We have used no body doubles. We have done all the action because it was shot too close to have a body double. Having said that, there were body-doubles to check things before the scenes were shot. But during the shot, there was no body-double. We had to do everything on our own.
Race (2008) and Race 2 was helmed by Abbas-Mustan whereas Race 3 has been directed by Remo D’souza? How are they different as directors?
They are completely different. Abbas-Mustan have done many thrillers like Race. Thriller is in their entire blood. It’s there in their genes. For Remo, it’s a very different type of cinema. He is used to his dance films. We tried to do something different in A Flying Jatt (2016) though. In terms of stylizing and attitude and stuff, Remo is the perfect choice to continue the brand forward because he understands style. But I do know that he did work really hard in this genre because it’s new for him. For anything that’s new to someone, one needs to put in a lot more efforts. He is one of the coolest directors I have ever worked with.
Jacqueline, you are about to complete a decade in Hindi cinema. How do you see your journey over the years?
My growth in Bollywood has been slow but steady. I am taking my little time. I know a lot more is yet to be done. A lot more is yet to be achieved. There were days where I had no films. I was not signing anything. I was not doing anything. I just wanted to wake up and work every day. Having this job (acting) to go to is a blessing for anyone.
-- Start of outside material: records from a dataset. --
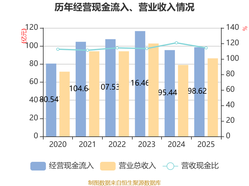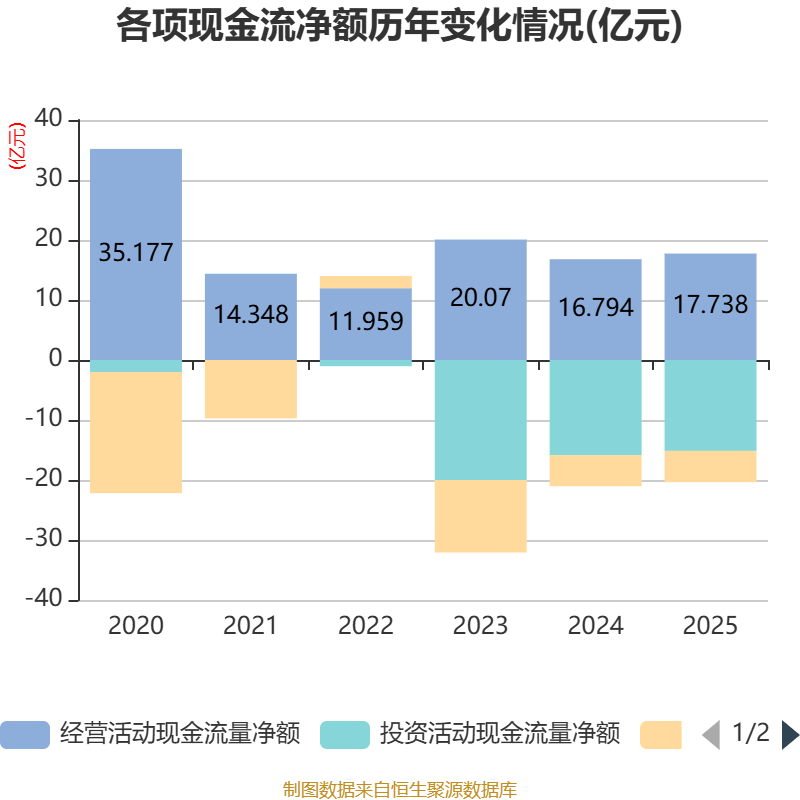 截至2025年,公司经营活动现金流净额为17.74亿元,同比增长5.62%;筹资活动现金流净额-5.21亿元,同比减少487.68万元;投资活动现金流净额-15.15亿元,上年同期为-15.87亿元。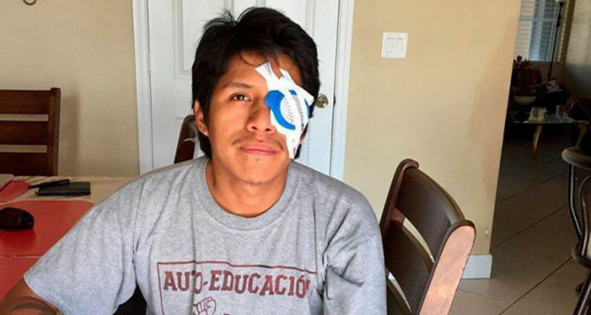 Marco Antonio Ramón Huarato recibió por parte de la policía unos disparos con perdigones de plomo hace cinco años, y todavía necesita tratárselo para no perder el ojo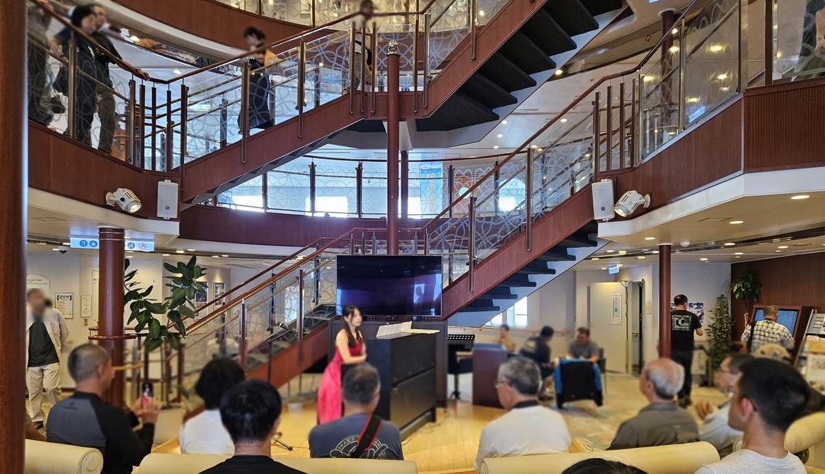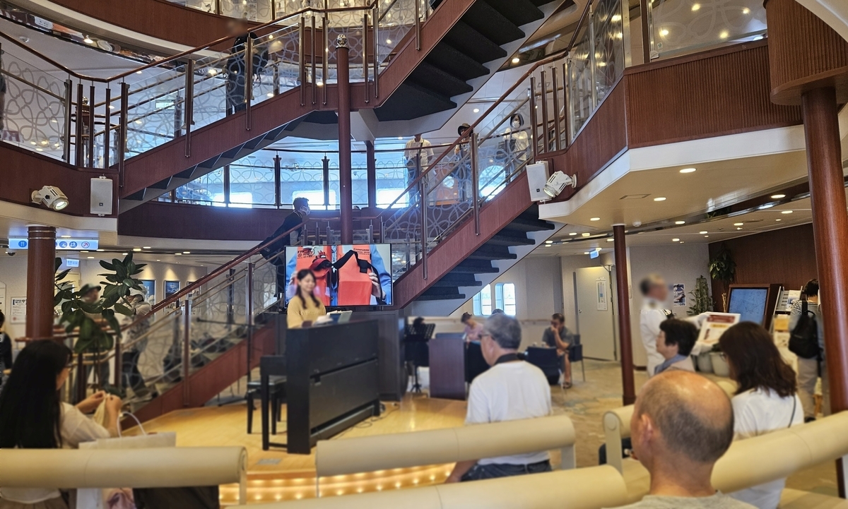 乗船すると綺麗なおネイサンがピアノ演奏してました。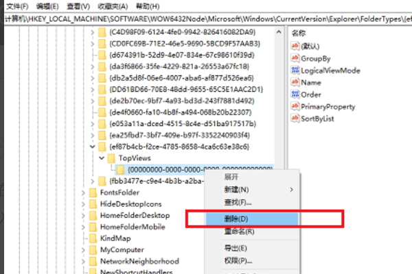 5、接着依次点击“HKEY_LOCAL_MACHINE->SOFTWARE->Wow6432Node->Microsoft->Windows->CurrentVersion->Explorer->FolderTypes->{ef87b4cb-f2ce-4785-8658-4ca6c63e38c6}->TopViews->{00000000-0000-0000-0000-000000000000}”。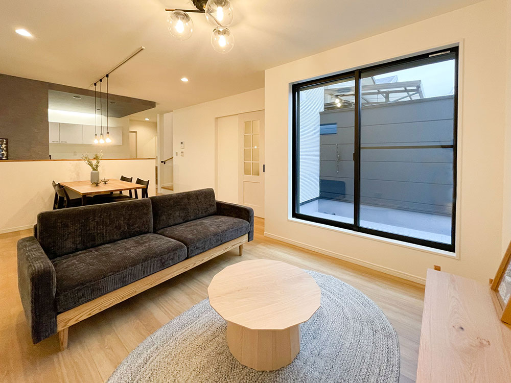 自然とモダンが融合した心地よいくつろぎ空間を備えた、ナチュラルモダンな住まいが完成しました。3階に設けられた大きめの窓があるヌックでは、ベンチに座りながらコーヒーを片手に外の風景を眺めたり、ゆっくりと読書を楽しんだりすることができ、ほっとする至福のひとときを過ごすことができます。また、外部からの視線を遮りプライバシーが守られたリビングは、ご家族がのびのびとくつろぐことができる心休まる空間です。2階に水廻りをまとめ、同じフロアにバルコニーがあるので、洗濯物を持って階段を上り下りする手間を省き、毎日の洗濯をラクにこなすことができます。さらに、ファミリークローゼットやパントリーなど、適材適所に十分な収納スペースをもうけ、整理整頓しやすく、いつでもスッキリ片付く快適で機能的な住まいになりました。
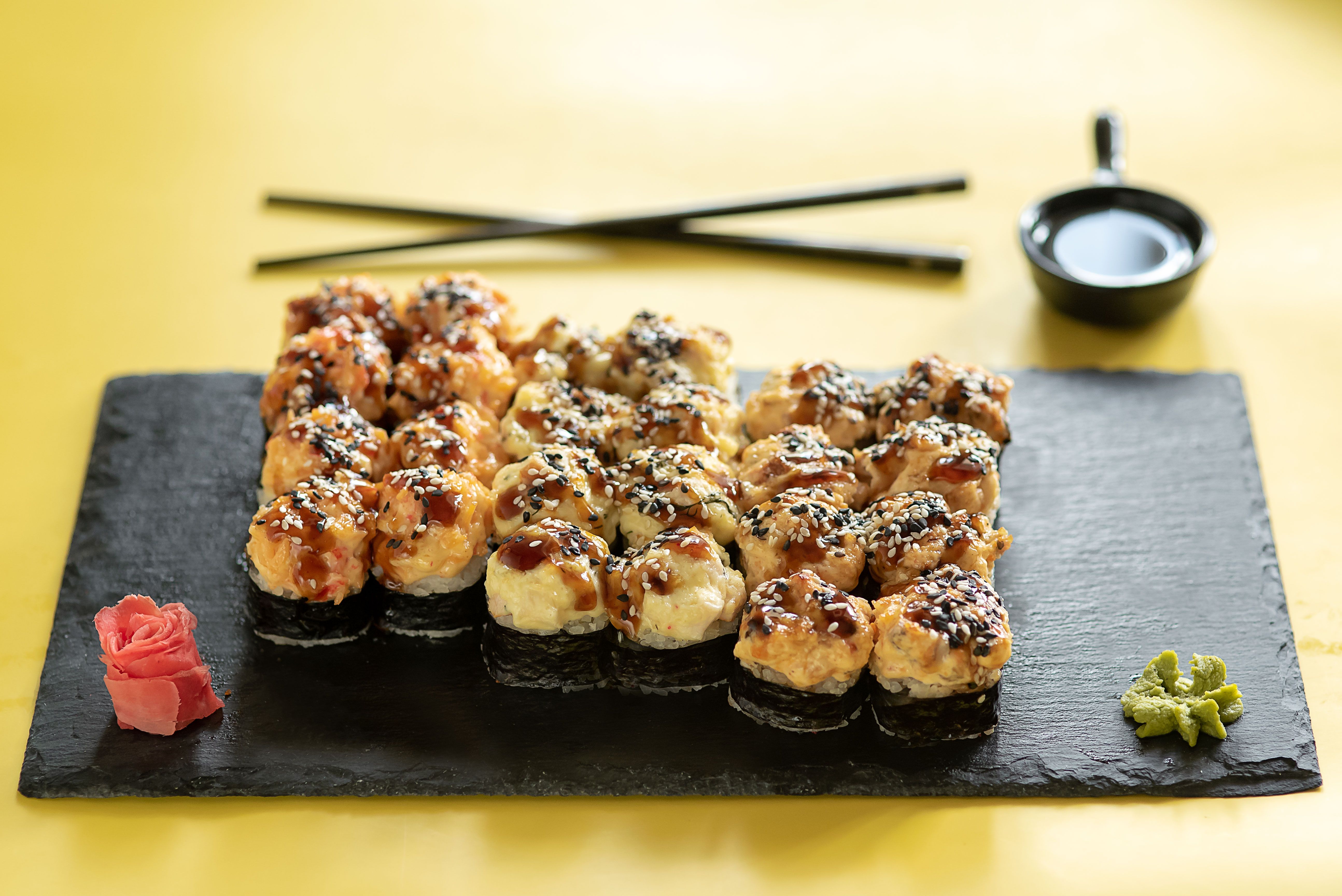 Соевый соус, васаби и имбирь не входят в блюдо и заказываются отдельно :)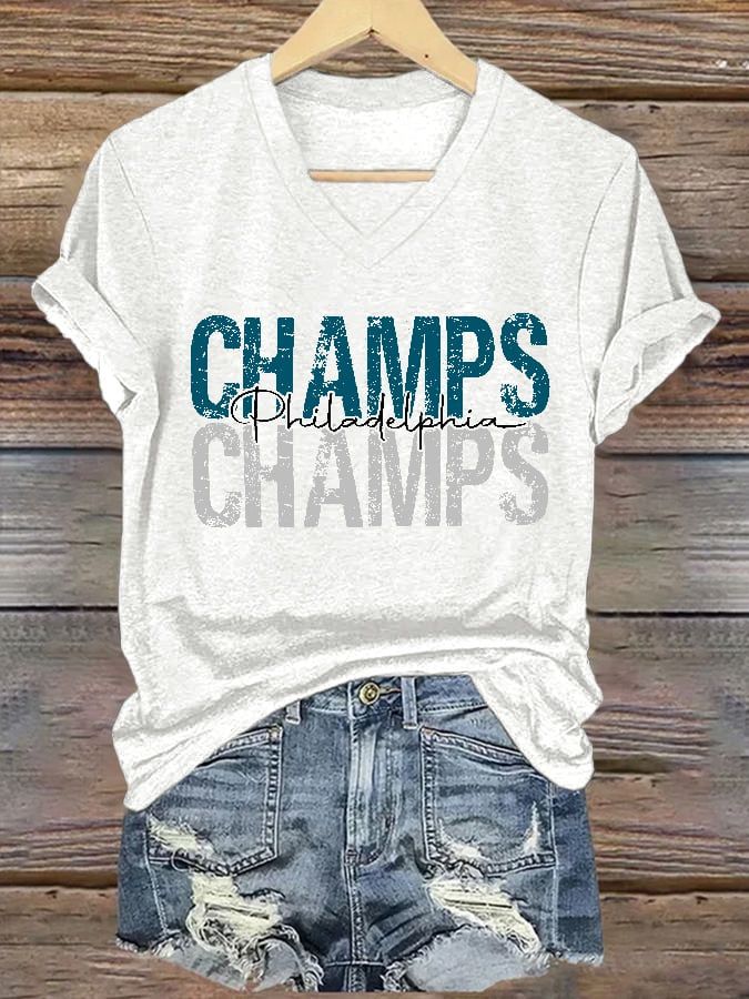 V-Neck Retro Philadelphia Champs Print T-Shirt

There is still a lot I want to do. There are a lot of directors I want to work with. There are a lot of characters I want to play. There is a lot that I want to accomplish. But I know these things take time. I know they come to you when you are most deserving of it. So, till the time I feel I am deserving, I don’t feel right even doing stuff like that. So yeah, I am very patient that way (laughs).
Who all are the directors on your wishlist?
(Sanjay Leela) Bhansali. I am dying to work with him.
Any particular reason that you want to work with him?
The reason is that the first Hindi film that I saw was Devdas. This was in 2002, I clearly remember. And honestly speaking, at that point of time, I had no plans of coming to India and become an actress. I was watching Cannes Film Festivals’ telecast on TV where almost everyone was talking about this film Devdas. I was like, ‘What’s this?’ Then I got a DVD and watched the film. It was such an unbelievably incredible film. I was mesmerized by its costumes and scale. After Devads, I watched Asoka (2001) because of Shah Rukh and Kareena. They were so cool and so nice in the movie. Right after Asoka, I watched Black (2005), which was again a Sanjay Leela Bhansali directorial. After watching Devdas and Black, I was like, ‘What an amazing guy; he is making such amazing films!’ He still makes amazing films. He is a dream director. He is bigger than everything.
Have you ever told Sanjay Leela Bhansali that you want to work with him?
Yes, many times. Just recently at Sonam’s wedding, I told him I want to work with him (laughs).
Are there any plans for marriage?
No, I don’t even have a boyfriend. Who should I get married to then?
You are learning Kathak these days. Are you enjoying it?
I love Kathak. For me, it’s a major stress buster. I just love it. I don’t get a lot of free time to go and attend classes, but whenever I have some time, I make it a point to go and learn. I do one or two classes with my Guru and then come back and workout for some time. It is one of my favourite experiences.
Why did you opt for Kathak only, there are many other dance forms that you could have learnt?
Other dance forms, I know. I know hip-hop, I know pole dancing and many more forms of dance. But I did not know Kathak or any other Indian classical dance form. I like learning new things, so I picked Kathak.
Race 3 is running successfully in cinemas near you.